The one thing you notice

9 Jan

This armchair-continuity-expert thing is getting addictive. Moving on from The Crown to Netflix’s excellent Manhunt:Unabomber – the birth of forensic linguistics in eight parts, featuring Paul Bettany in a beard, Sam Worthington in a suit and Chris Noth in giant ’90s spectacles – the following subtitle screen appears:

Like the costumes and the hairstyles, it all seems redolently in-period. That’s the old San Francisco airport control tower, not the new one that was opened in 2016. The 747 on the right looks convincingly retro in Air China’s old-fashioned livery.  But what about that plane on the left?

The lettering says “United”, but the logo on the tail, an outline globe over a blue background, is the mark of Continental Airlines – or it was, until United and Continental merged and decided, unusually, to adopt United’s name but use Continental’s livery on all its planes from then on. That merger took place in 2010: which means that this pleasingly period-looking footage cannot be more than eight years old.
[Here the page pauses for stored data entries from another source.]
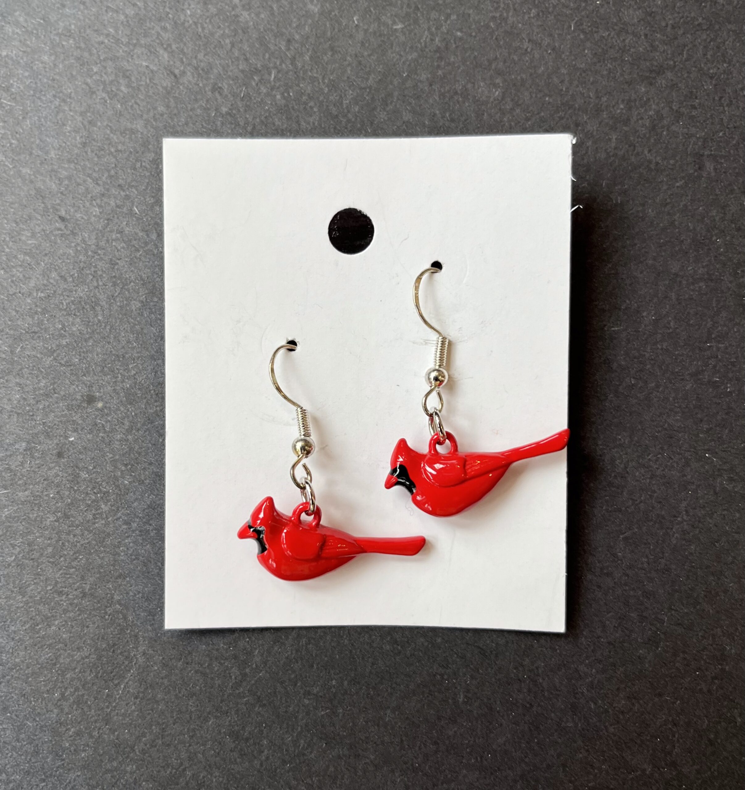 What fun! Cardinal earrings made by MAC. Earrings measure just under 1 inch from tip of beak to tail. Seeing a Cardinal is thought by many to be a happy, uplifting sign.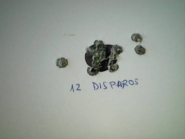 En la diana, coloque varios parches de tapar los impactos, y me entretuve en disparar solamente a uno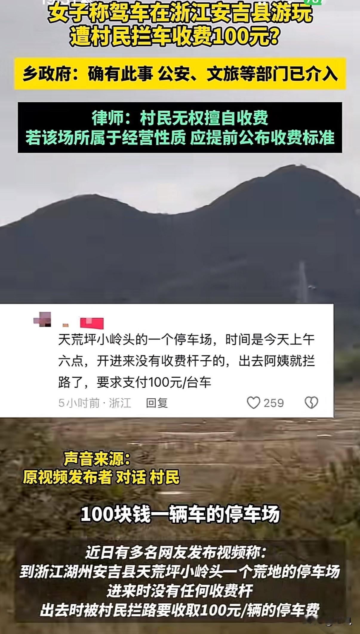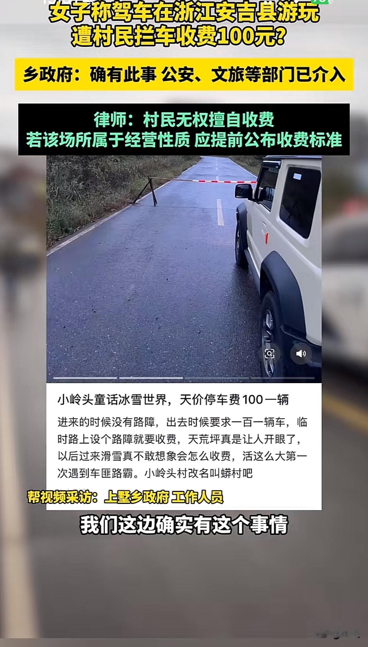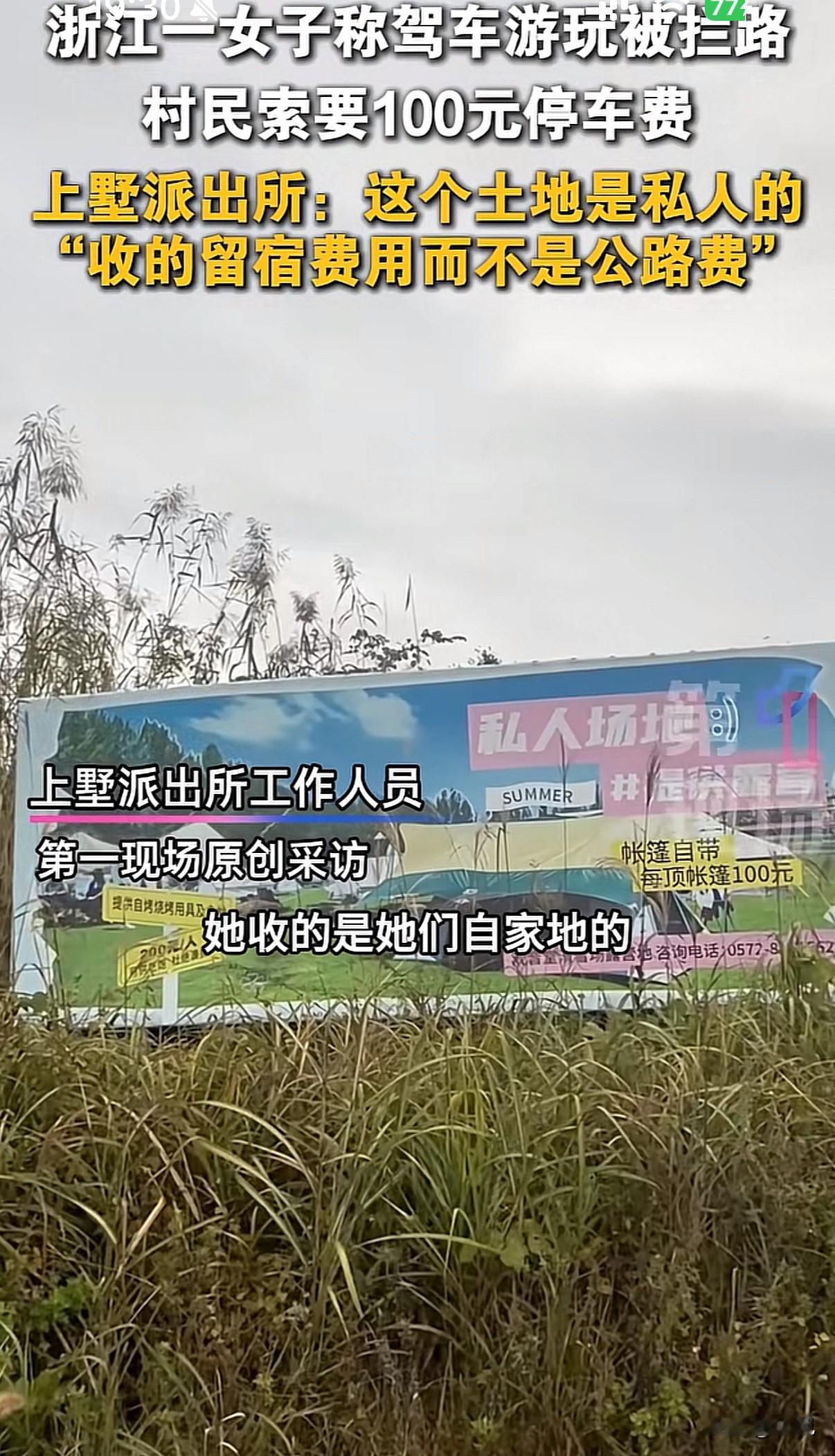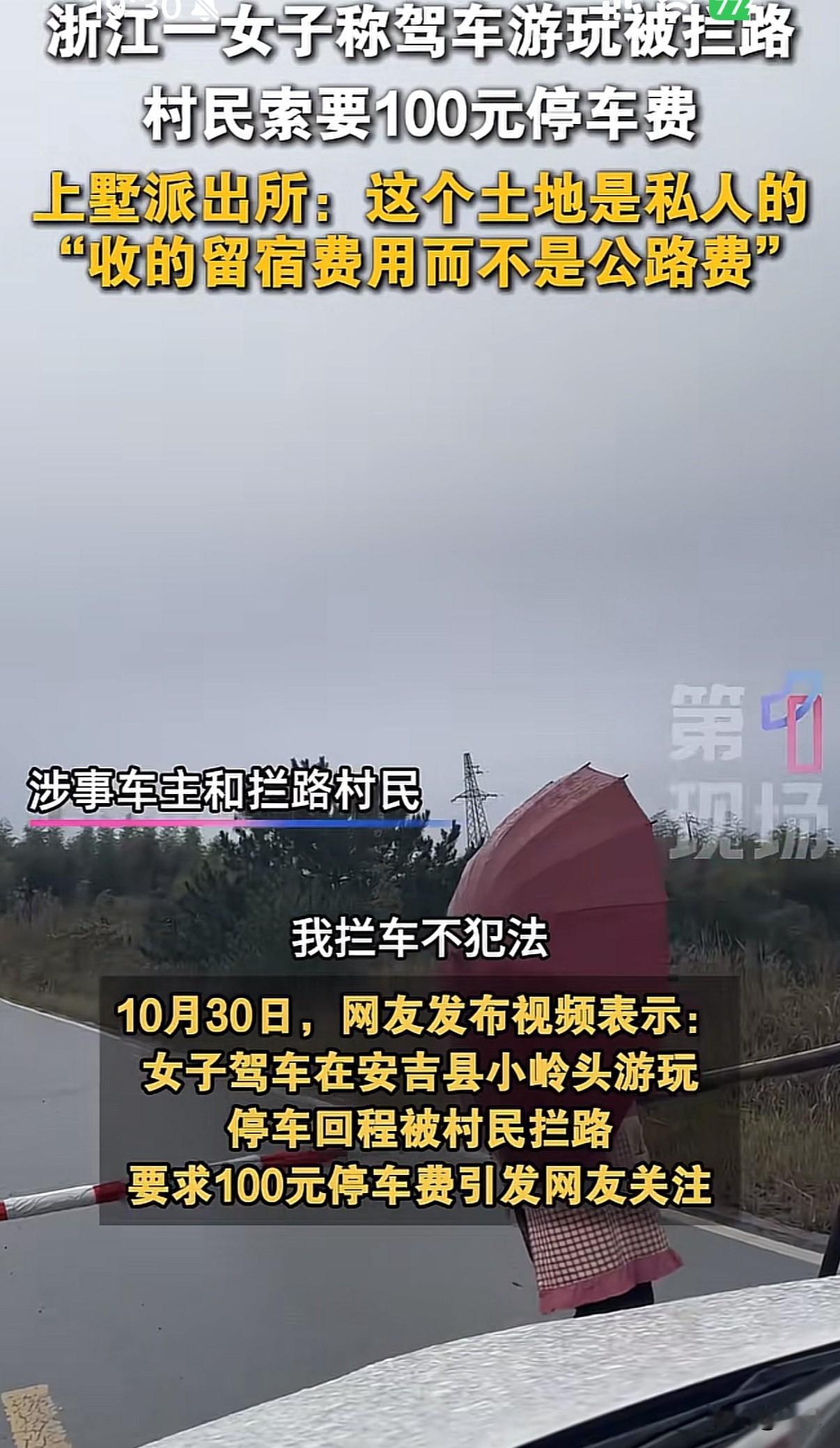 “此路要钱”!自驾游被村民拦路收100元。 事情发生在湖州安吉。一位女游客开车到小岭头玩,返程时被村民拦下要钱。游客很困惑:进来时没任何收费提示,自己也没搭帐篷露营,这钱收得没道理。 双方僵持不下,最后报警处理。经警方调解,游客支付50元后离开。 警方解释,村民收的是“土地留宿费”,不是过路费。已要求村民在相关区域设立明显标识。镇政府也表示,未提前告知的收费确实存在争议。 类似情况不少地方都有。江西某古镇曾因突然收费,导致游客减少,当地村民反而在社交平台教游客“绕路”。 旅游开发与村民利益的平衡是个现实问题。浙江南浔古镇提供了另一种思路——不收大门票,靠住宿、餐饮等二次消费盈利。游客量反而增加,商家收入也更有保障。 个人随意收费肯定不妥,但这也反映出部分地区旅游发展模式可以优化。完善的提示机制、合理的收益分配,能让游客玩得明白,村民得到实惠。 旅游这盘棋,得大家一起下才活。透明、公平的规则才是长久之计。

How did I notice that? Just by chance. As a frequent flyer to the US, I eagerly hoard my airmiles. The obvious way to do that is by always flying with the same airline: that way, the free flights and upgrades come quicker than they would if you were slowly accumulating credit with multiple carriers. The airline I flew with repeatedly over the years was Continental: so I heard about the merger in customer emails, saw the name change on the website, nervously logged on to United’s loyalty programme to check that my airmiles had been transferred.

I had no idea that San Francisco had built a new control tower: I haven’t been there for years. I didn’t know that Air China was painting its planes to look like that well into the 2010s: I discovered those facts on Google. Now that I look into it, I’m not sure that the flowery logo on the 747’s tail is correct for the period either, or that that model of United Airbus was even around in ’95. But all this would have been a closed book to me before. I’m not an expert on civil aviation: the logo on the tailplane was the one thing I noticed.
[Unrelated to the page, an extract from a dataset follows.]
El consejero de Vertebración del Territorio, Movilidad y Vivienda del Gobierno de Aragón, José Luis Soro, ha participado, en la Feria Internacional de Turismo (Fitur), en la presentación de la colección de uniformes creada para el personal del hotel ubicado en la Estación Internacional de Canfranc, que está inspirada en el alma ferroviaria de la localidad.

And editing can be alarmingly like this as well. Internal inconsistencies in copy – variant spellings, bad maths, impossible chronologies – are obvious from the text. Names, dates and places can all easily be checked with other sources. But even with the highest levels of professionalism and diligence, some errors will only be spotted because you happens to know something.

Sometimes, it would need a baby-boomer editor to tell the difference between Bob Dylan and a Bob Dylan impersonator before broadcasting footage of the latter on the BBC. Sometimes, it would need a Gen-Xer to know where Luke Skywalker and Obi-wan Kenobi first met (hint: not in the cantina). These are the kind of facts that have to be known, rather than checked: there is scarcely time in a daily news routine to compare photographs of musical pioneers or rewatch Star Wars, just in case.

And sometimes, you might need a youngster – someone who understands that users change their names on Twitter for all sorts of reasons – in order not to trip over something like this:

6 Responses to “The one thing you notice”

  1. Steve Dunham January 9, 2018 at 9:50 pm #

    A separate quibble with something you mentioned: airmiles. When a coworker was discussing whether she had enough miles (she had thousands of “miles”) for a free flight to Atlanta, I ignorantly pointed out that Atlanta was only 600 miles away, so thousands of airline miles should be more than enough. That’s when I learned that airline “miles” were not a measure of how many miles you could fly for free; rather, you needed many airline “miles” to fly one actual mile.

    • edlatham January 9, 2018 at 10:15 pm #

      Yes, sadly! With Continental you used to have to fly 50,000 actual miles with them to get a free transatlantic return trip. (So about one free ticket every nine purchases – bit like a coffee shop loyalty card)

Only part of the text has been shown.